004264 104514 TRAP 114 004266 001403 BEQ 4276
TRAP 114 is used to locate a return address in the runtime state storage. Return addresses have a "type" of 20000. The mask value of 17777 will mean that any runtime state entry with a "type" of 20000 will be returned. Since R3 contains the address of the beginning of the runtime state, the first return address in the runtime state will be returned.
If the zero flag is set, meaning that a matching value was not found in the runtime state, control jumps to address 4276.
004270 010316 MOV R3, (SP) 004272 005723 TST (R3)+ 004274 000773 BR 4264
Otherwise, the return address identified in the runtime state is moved to the zero word pre-pushed onto the stack. The address at R3 is tested and incremented.

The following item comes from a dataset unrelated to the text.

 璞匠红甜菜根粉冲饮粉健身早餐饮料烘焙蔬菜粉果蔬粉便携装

Control then branches back up to address 4264 to read another return address from the runtime state. This is because GOSUBs can be nested within each other, so there may be more than one return address in the runtime state.
The return address we are looking for is the one that was added to the runtime state last. So, the code loops looking for return addresses until no more can be found (i.e. TRAP 134 fails to find an entry and sets the zero flag) and then the return address that is used is the one that was most recently found, which will be stored at the top of the stack.

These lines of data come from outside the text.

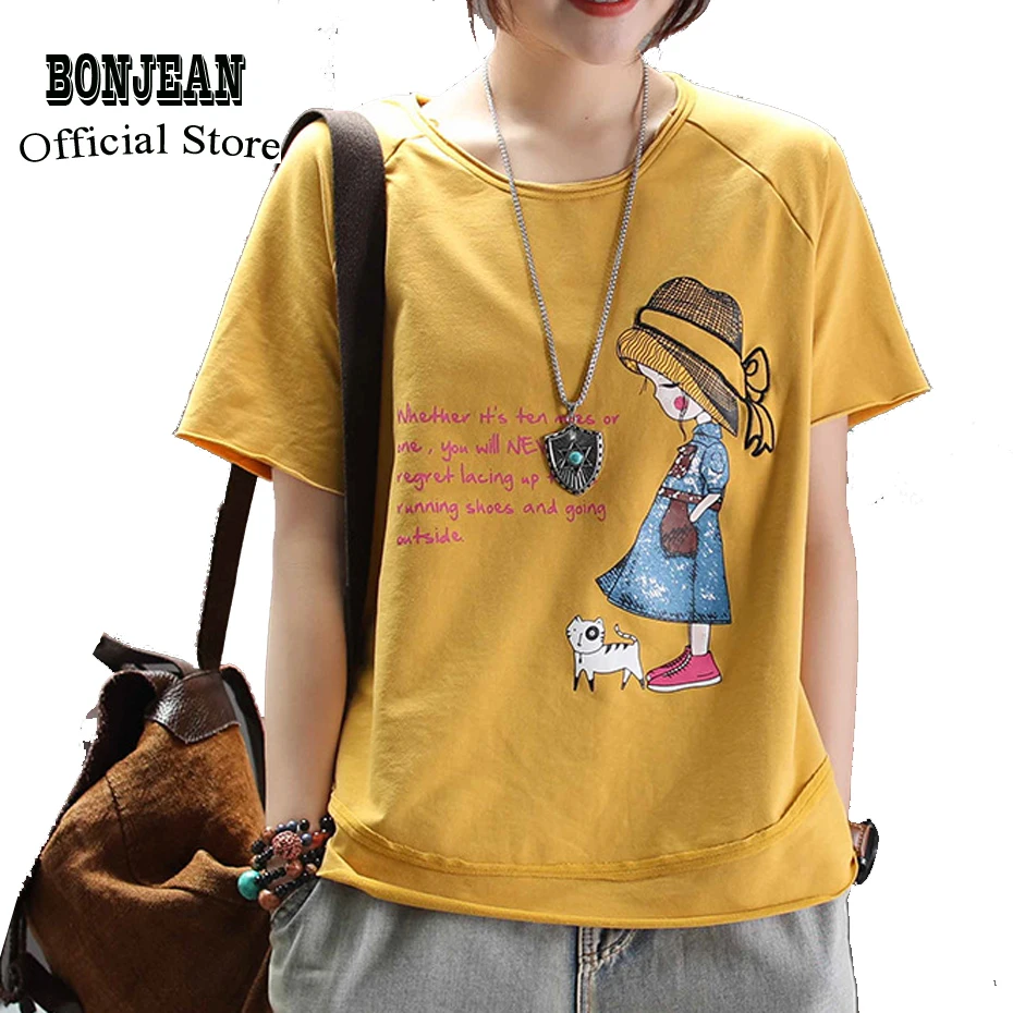 Женские хлопковые топы футболки для дамы Emboridery мультфильм девушка с круглым вырезом свободный большие моды Повседневное милый для лета 66007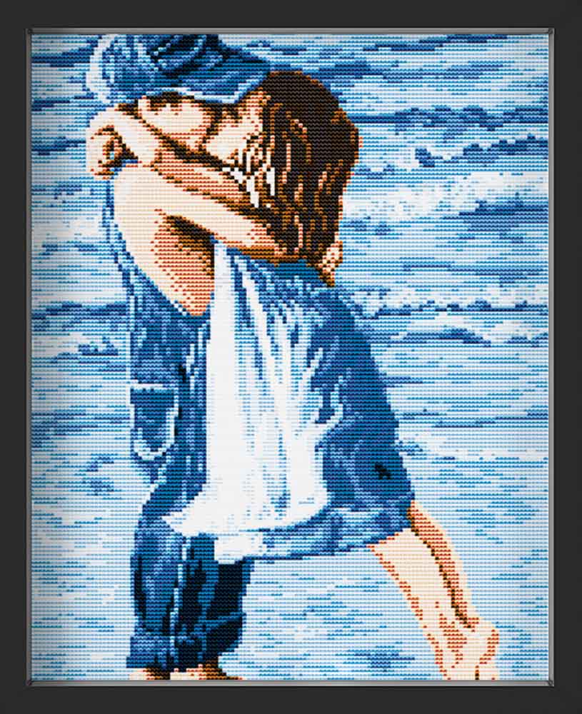 Kreuzstich - Kinder am Küssen | 30x45 cm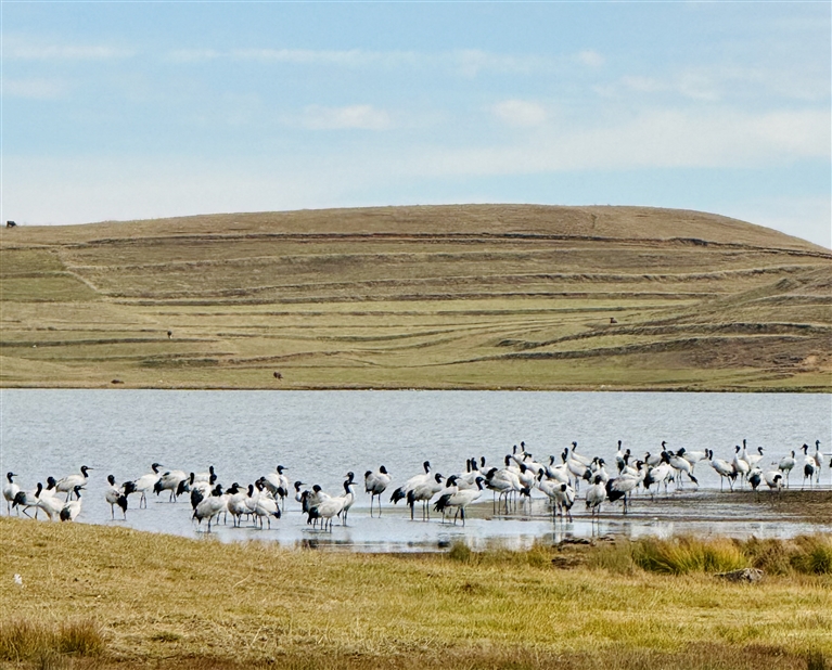 黑颈鹤被称为“鸟类大熊猫”,是国家一级重点保护野生动物。位于云南省昭通市昭阳区的大山包黑颈鹤国家级自然保护区,是我国黑颈鹤单位面积数量分布最多的保护区之一。自建立保护区以来,这里逐渐成为黑颈鹤在云贵高原上最重要的越冬栖息地和迁徙中转站。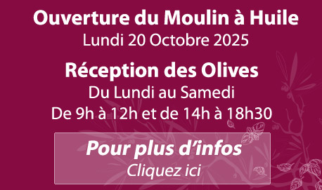 Né en 2002 sur notre exploitation agricole familiale, le moulin transforme notre production d’olives, de tournesol, de colza et de cameline en huiles d’olives et huiles de graines.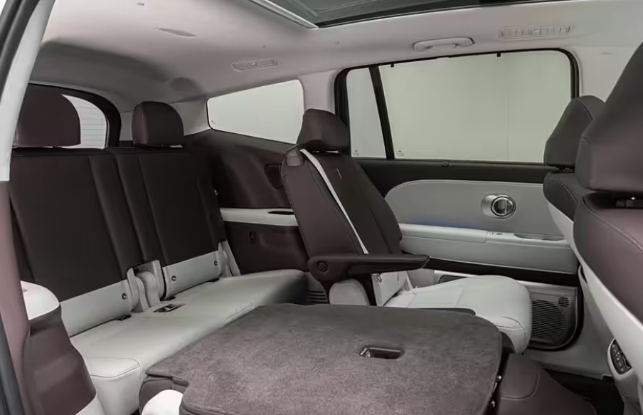 从外观来看,IONIQ 9 采用了现代品牌独特的设计理念。前脸部分神似全新胜达,上方贯穿式灯带搭配点阵式光源,极具辨识度;下方纵向灯珠式远近光灯呈双竖杠排列,科技感十足。前保险杠处的银色护板与主动式进气格栅,既提升了空气动力学效果,又增添了几分硬朗气质。车身侧面,流线式设计十分吸睛,超长车身与极短车头尽显纯电动平台特征。上扬的侧面窗线在 D 柱处由特殊镀铬条衔接,隐藏式电动门把手不仅美观,还降低了风阻,助力整车风阻系数低至 0.259Cd 。车尾设计与车头呼应,纵向尾灯未点亮时呈白色,点亮后呈现简洁 T 字形红色光源,上方连续高位刹车灯全部亮起形成闭环,个性又美观 。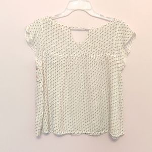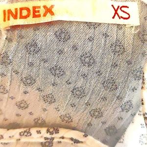 INDEX loose-fit short top in soft viscose. Short wing sleeves. Round neckline. Back fastening with one button. Coquette front and back. Decorative finishing - multi-colired lines. Nice condition.

004276 012603 MOV (SP)+, R3 004300 001413 BEQ 4330
Once the test to locate another return address fails, control continues at address 4276. The value from the top of the stack (the most recently identified return address) is popped into address R3. If this value is zero, a return address has not been found and therefore an error is generated by branching to 4330.
004302 011300 MOV (R3), R0 004304 040400 BIC R4, R0 004306 005200 INC R0
The value of the return address, stored at memory address R3, is moved into R0. The bit clear command (BIC) is used to remove the 20000 from the return address value, leaving just the line number of the GOSUB command. This value is then incremented.
004310 012704 MOV #2, R4 004314 104520 TRAP 120
These next two lines are used to delete the return address from the runtime state. TRAP 120 will delete the number of bytes specified in R4 from the runtime state at the location specified in R3.
004316 020027 CMP R0, #1 004322 001677 BEQ 4122
The value in R0 is compared to 1, which would indicate that the return address was zero, in which case control branches to 4122. This will clear the currently executing line of the program (by clearing memory address 13660) and then jumping to the syntax parsing loop.
004324 104474 TRAP 74 004326 000736 BR 4224 004330 104411 TRAP 11
Otherwise, TRAP 74 is used to get the next line in the program after the value specified in R0. When this returns, R1 will point at the next line to be executed in the program code area. Then, control branches back to the syntax parsing loop.
The TRAP 11 is used in case of errors, as described above.